Instructor: Hernan Aviles

1. Introduction to the Heart

  • Photograph: A human heart intended for transplant shown in a TransMedics Organ Care System, allowing it to stay viable longer than traditional methods such as immersion in saline solution and icing.

2. Overview of the Circulatory System

  • Definition: The circulatory system, also known as the cardiovascular system, consists of the heart and blood vessels, responsible for transporting blood to and from the body's organs.

  • Pulmonary Circuit:
      - Function: Transports blood to the lungs for gas exchange.
      - Process:
        - Right side of the heart receives blood from the body rich in carbon dioxide (CO₂) and waste, and poor in oxygen (O₂).
        - Blood travels via the pulmonary trunk to the lungs (alveoli) where CO₂ is exchanged for O₂.
        - Blood returns to the left side of the heart through pulmonary veins.

  • Systemic Circuit:
      - Function: Supplies oxygen-rich blood to all body organs.
      - Process:
        - O₂-rich blood is pumped through the aorta to the body.
        - O₂-poor blood returns to the right atrium via the superior vena cava (for the upper body) and inferior vena cava (for the lower body).

3. Position & Pericardium & Heart Wall

  • Location: The heart is located in the mediastinum between the lungs.

  • Heart Anatomy:
      - Base: The broad superior portion of the heart.
      - Apex: Inferior end that tilts to the left.
      - Dimensions: 9 cm wide at the base, 13 cm from base to apex, 6 cm anterior to posterior; weighs about 10 oz.

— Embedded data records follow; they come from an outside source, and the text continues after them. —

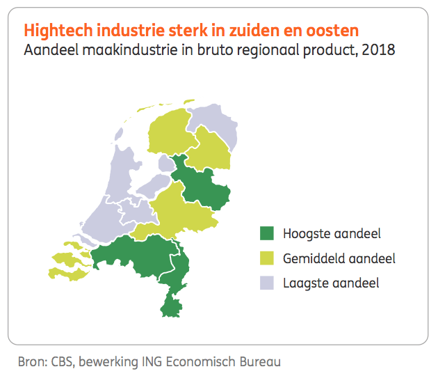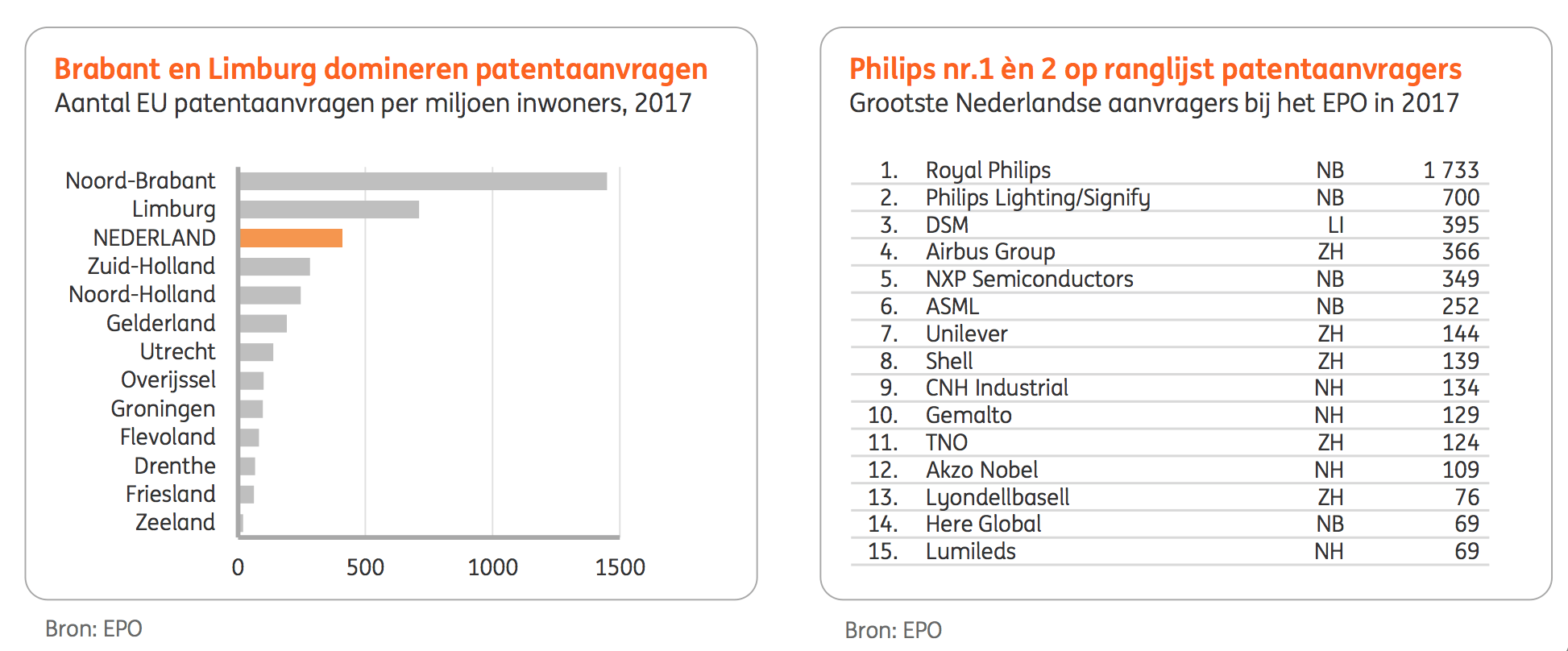 Brabant companies account for half of all Dutch patent applications, companies in Eindhoven for 40%. The first place in the field of innovative investments is the result. Limburg ranks 2nd here. DSM and Océ together accounted for €335 million in domestic R&D expenditure. “For Limburg, the Brightlands Chemelot Campus is an important hub,” says ING. “The growth in the number of companies and jobs, together with the clustering of production and research, strengthens the position of the chemical industry in the region in particular.” The high-tech industry in North Limburg has many links to the Brainport Eindhoven successes.
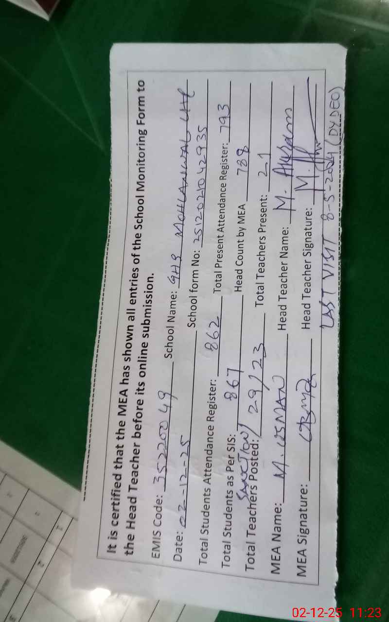 | EMIS Code: 35220049 | Name of School: GHS MOHLANWAL LAHORE | |||
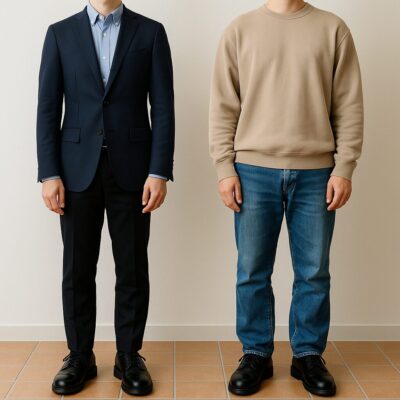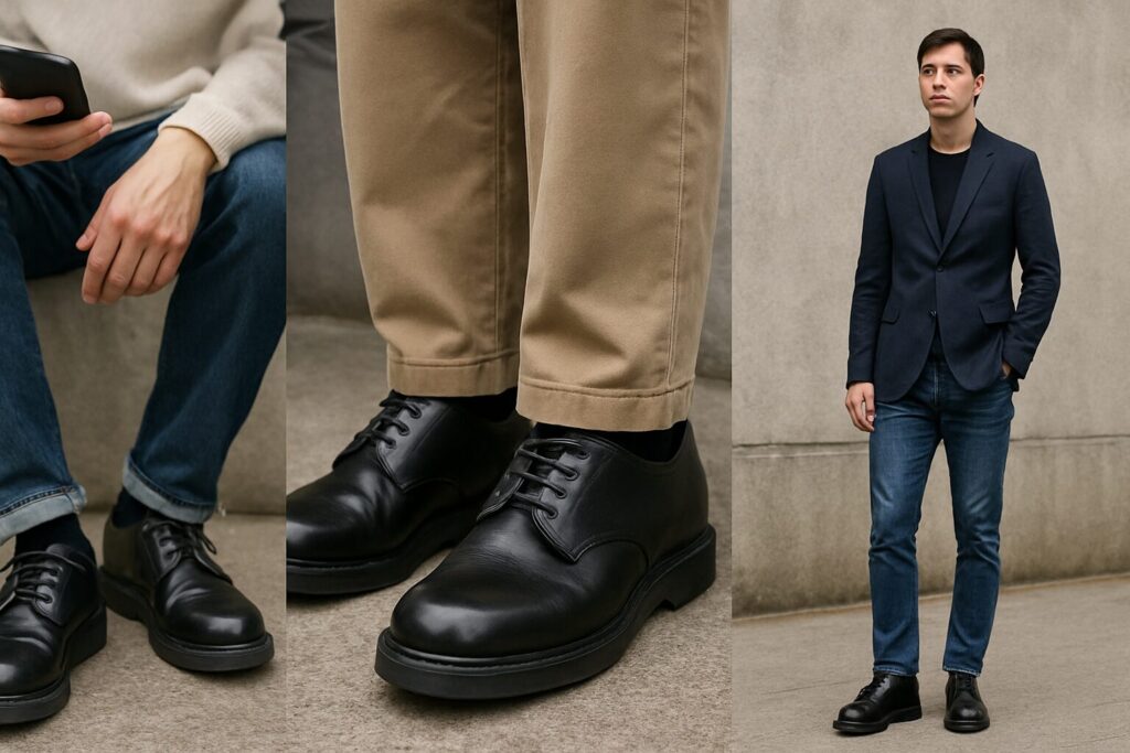 例えば、装飾のあるローファーやカラフルなスニーカーに慣れている人が履くと、全体のコーディネートが控えめになりすぎてしまうケースもあります。
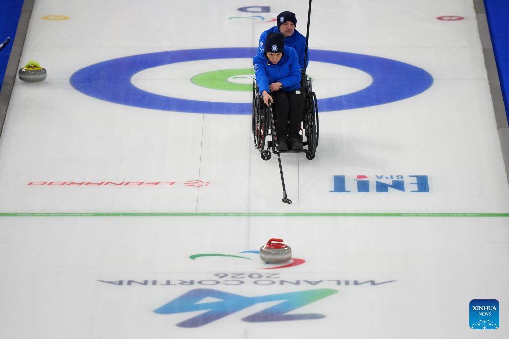 Orietta Berto (front) of Italy competes during the wheelchair curling mixed doubles round robin session 3 match between China and Italy at the Milan-Cortina 2026 Paralympic Winter Games in Cortina D'ampezzo, Italy, March 5, 2026. (Xinhua/Lian Yi)
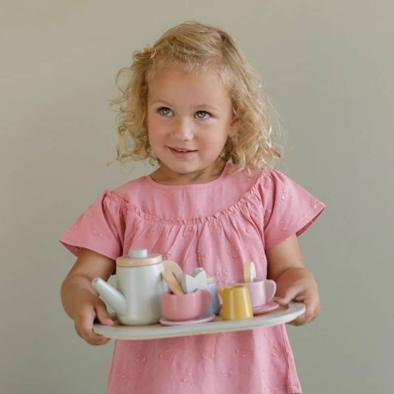 Teehetken aika! Tällä puisella teesetillä lapsesi voi tarjoilla herkulliset kupilliset teetä. Maitoa tai sokeria vai sitruunan viipale? Teesetti sisältää kaiken tarpeellisen rentouttavaan teehetkeen. Kahden hengen teeastiasto
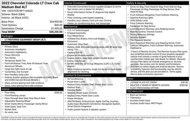 This Chevrolet Colorado has great equipment and many features including.Black 2023 Chevrolet Colorado LT 4WD 4D Crew Cab 2.7L TurboCome see why more people choose our Community!
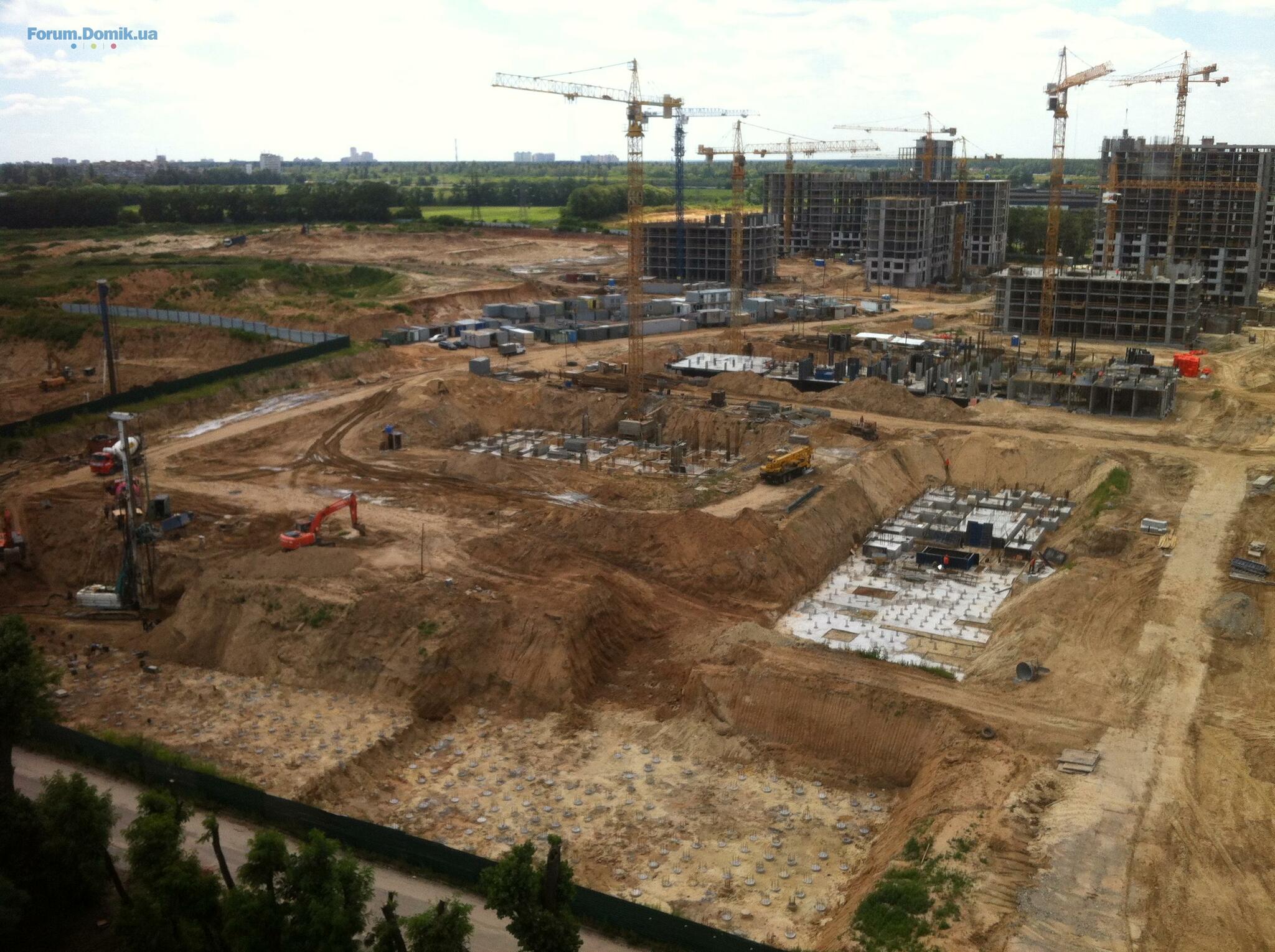 4-я очередь: дом А - готовы сваи, дом В - заливается фундамент, дом С - фундамент готов
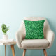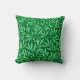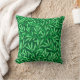 Drog kussen in een William Morris Art Nieuwe textielpatroon van gestileerde wilde takken en bladeren in tinten groen, voorzien van wit, licht kalkgroen, op een donkergroene achtergrond van smaragd/pijngroen
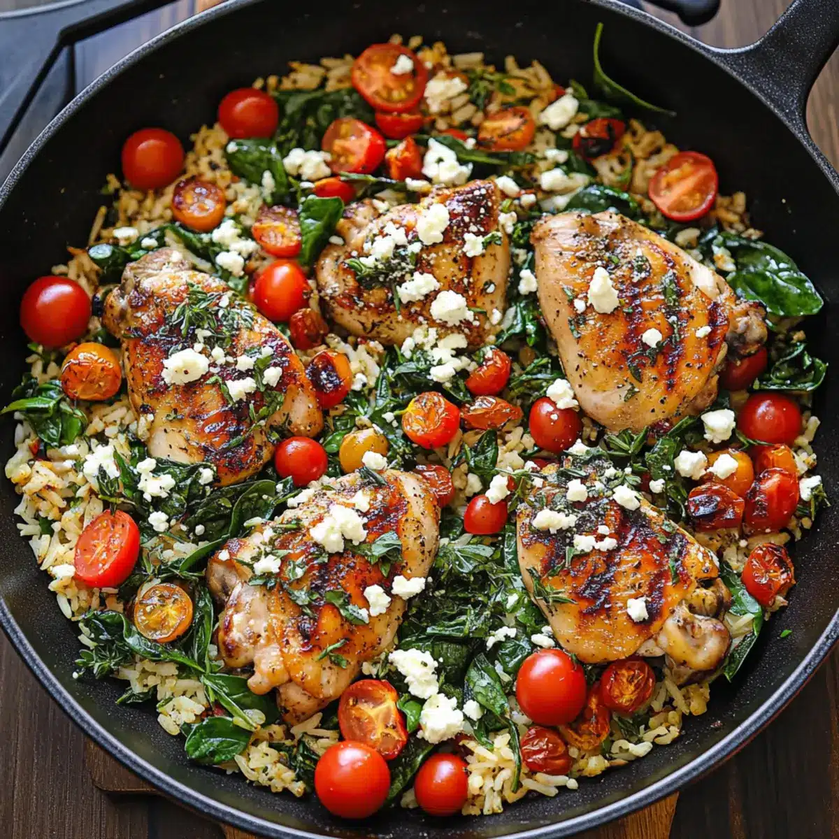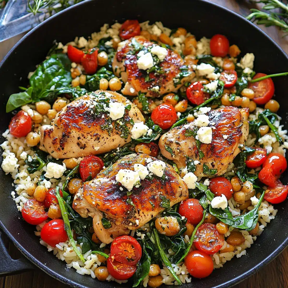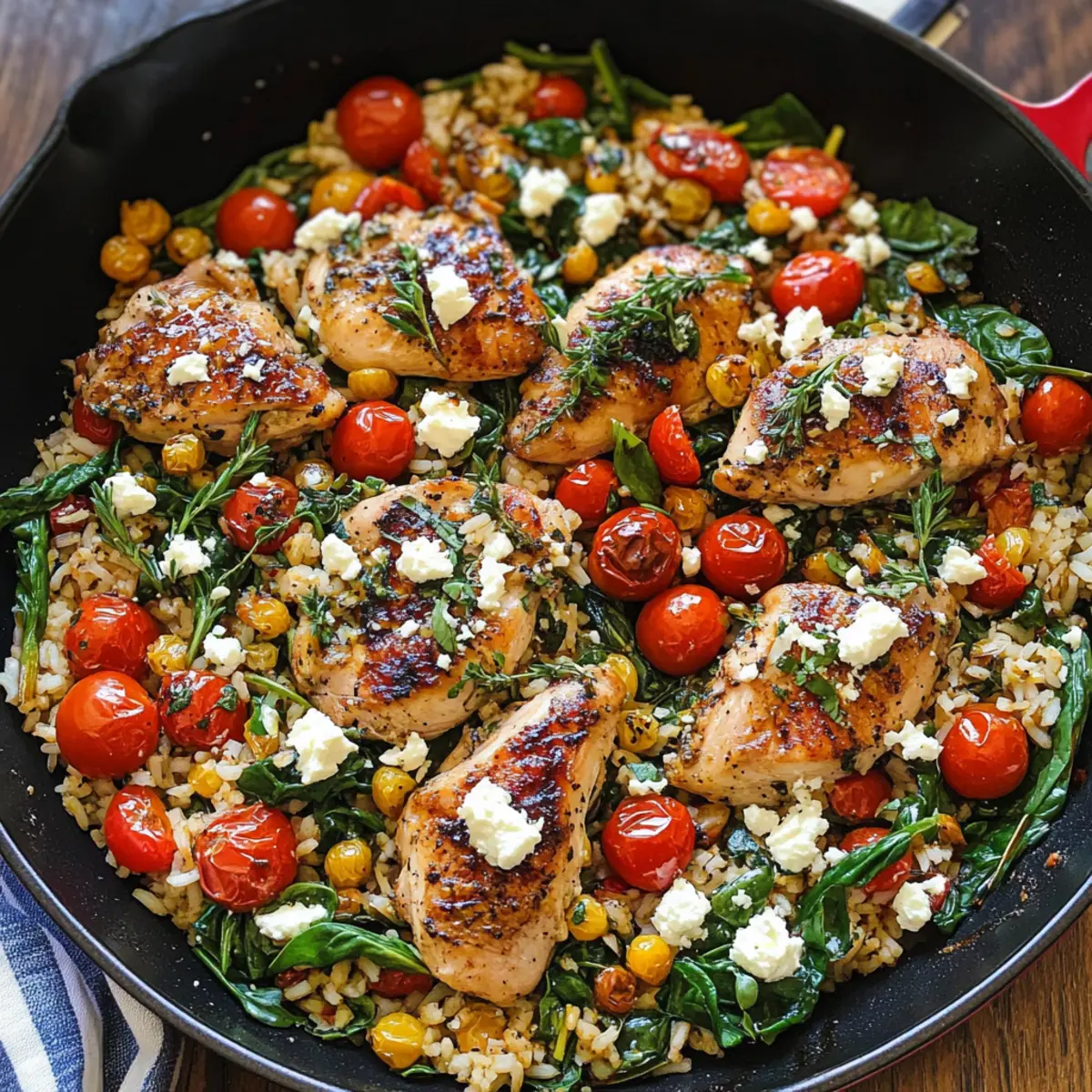 - Fold half of the feta into the rice mixture, return chicken to skillet, and warm for 3 minutes. Top with remaining feta.

  • Pericardium: Protective sac that allows the heart to beat without friction and provides room to expand while resisting over-expansion.
      - Layers of the Pericardium:
        - Parietal Layer: Outer tough layer (fibrous and serous).
        - Pericardial Cavity: Filled with pericardial fluid, providing lubrication.
        - Visceral Layer (Epicardium): Inner, thin, smooth layer covering the heart surface.

  • Heart Wall Layers:
      - Epicardium: Also known as the visceral pericardium.
      - Myocardium: Thick muscular layer responsible for heart contractions.
      - Endocardium: Smooth inner lining of the heart chambers.
      - Fibrous Skeleton: Provides structural support, includes septa around valves, connects cardiac muscle, acts as insulation between atria and ventricles, aids in refilling the heart with blood.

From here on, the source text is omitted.